Windows Sandbox

What is Windows Sandbox?

Windows Sandbox is a lightweight virtualization feature introduced by Microsoft in Windows 10 (starting from version 1903) and Windows 11. It provides users with a secure and isolated environment to run untrusted or potentially malicious applications without affecting the underlying operating system.

Windows Sandbox creates a temporary virtual machine (VM) that mimics a clean installation of Windows. When you open Windows Sandbox, it launches a fresh instance of Windows, separate from your main operating system. Any changes made within the sandbox, such as installed applications, files, or system settings, are contained within the sandbox and do not impact your actual Windows installation.
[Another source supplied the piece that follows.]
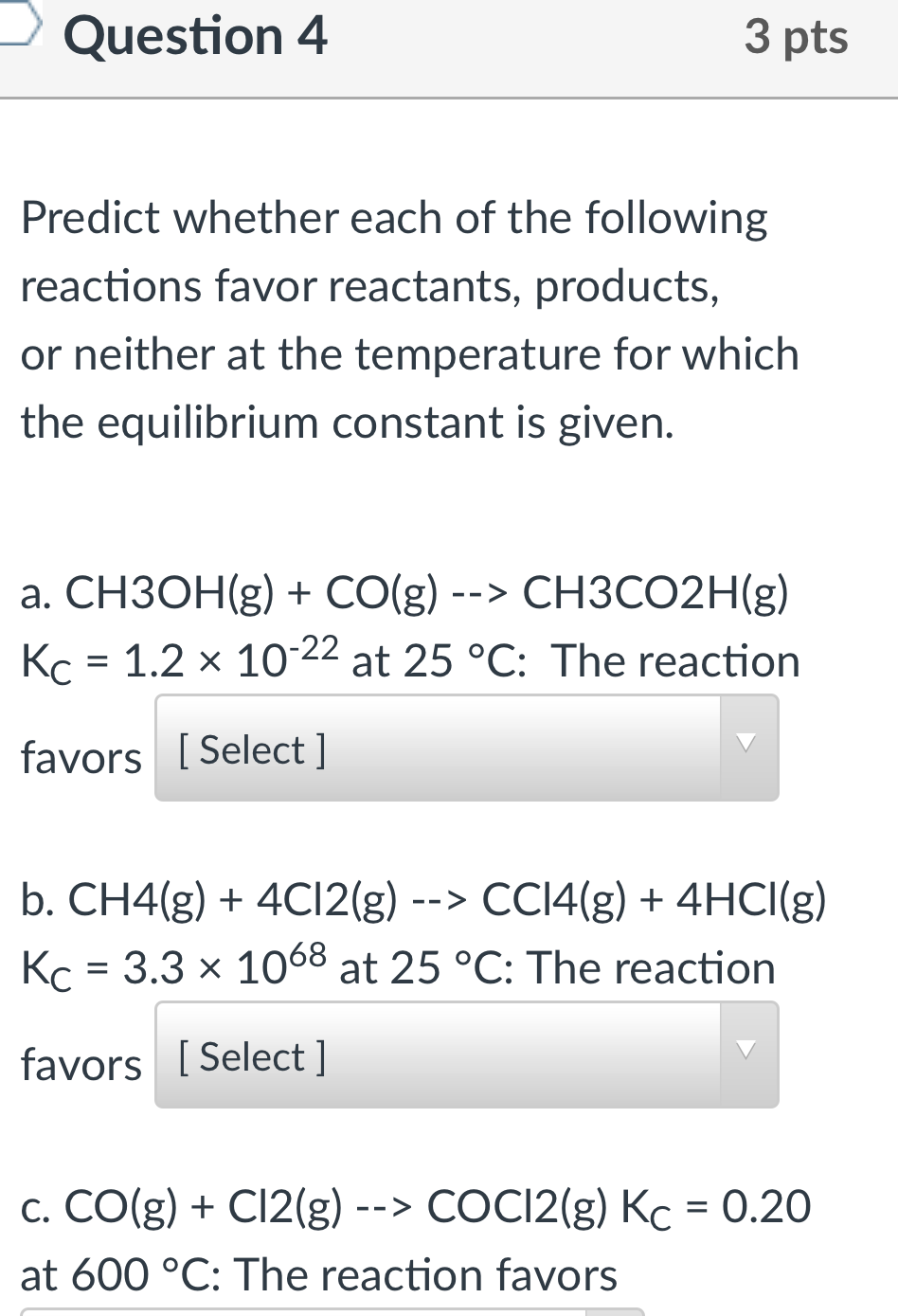 Question 4 3 pts Predict whether each of the following reactions...

The primary purpose of Windows Sandbox is to provide a safe testing environment for applications that you may be uncertain about, such as those downloaded from the internet or received from untrusted sources. By running them in the sandbox, you can evaluate their behavior without the risk of affecting your primary system.
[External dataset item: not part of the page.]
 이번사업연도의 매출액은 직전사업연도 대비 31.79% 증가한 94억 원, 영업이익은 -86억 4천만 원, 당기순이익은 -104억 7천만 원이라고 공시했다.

Once you close Windows Sandbox, all the changes made within the sandbox are discarded. This ensures that any potential malware or unwanted software is completely removed, and you start with a clean slate every time you use the sandbox.

Windows Sandbox utilizes hardware virtualization capabilities built into modern CPUs, such as Intel VT-x or AMD-V, to provide efficient and secure isolation. It is a feature available in certain editions of Windows, such as Windows 10 Pro, Enterprise, and Education, as well as Windows 11 Pro and Enterprise.
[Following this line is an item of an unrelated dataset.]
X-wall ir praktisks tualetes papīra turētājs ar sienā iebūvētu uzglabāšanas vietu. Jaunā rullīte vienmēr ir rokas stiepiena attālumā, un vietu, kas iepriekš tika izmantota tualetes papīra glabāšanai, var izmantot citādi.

When should I use Windows Sandbox?

1. Running suspicious or untrusted software: If you come across a program or file that you're unsure about, you can use Windows Sandbox to test it without worrying about potential harm to your system. This is particularly useful for evaluating applications from unreliable sources or testing software with unknown origins.
2. Opening potentially dangerous files: When you receive files from unknown sources, such as email attachments or downloaded files from the internet, you can open them in Windows Sandbox to mitigate the risk of malware infecting your main system. The sandbox ensures that any changes made to the files are contained within the isolated environment.
3. Web browsing in a secure environment: If you encounter a website that seems suspicious or could potentially be harmful, you can visit it using Windows Sandbox. This way, any malicious scripts, viruses, or malware that might be present on the website won't be able to affect your primary operating system or compromise your sensitive data.
4. Software testing and debugging: Developers and software testers can take advantage of Windows Sandbox to quickly test and debug their applications. The sandbox provides a clean and isolated environment, allowing them to assess the behavior of their software without interfering with their main development setup.
5. Trying out new software: If you want to experiment with new software or install applications that you're uncertain about, Windows Sandbox offers a convenient way to try them out. You can install and run the software within the sandbox without worrying about potential conflicts or cluttering your primary system.

How do I install Windows Sandbox?

1. Go to settings
2. Click Apps -> Programs and Features -> Turn Windows Features on or off -> Select Windows Sandbox.
3. Reboot

Once you reboot Windows Sandbox is install and can be used to browse the web isolated from your computer. However, you will not be able to transfer files from your host computer to the Windows Sandbox. To do this you need to create a .wsb configuration file.

Here is a very basic .wsb configuration file.

<Configuration>

<MappedFolders>
  <MappedFolder>
    <HostFolder>FULL PATH TO FOLDER ON HOST COMPUTER</HostFolder>
    <ReadOnly>True</ReadOnly>
  </MappedFolder>
</MappedFolders>

</Configuration>

A full description of configuration options is available on the Microsoft website here:

Note: Initially, I encountered an error "Invalid Configuration File" when I tried to place the host folder in OneDrive. I do not know if it was because it was in OneDrive or because my full path included an "&" and once I used a simpler path, not in OneDrive the issue was resolved.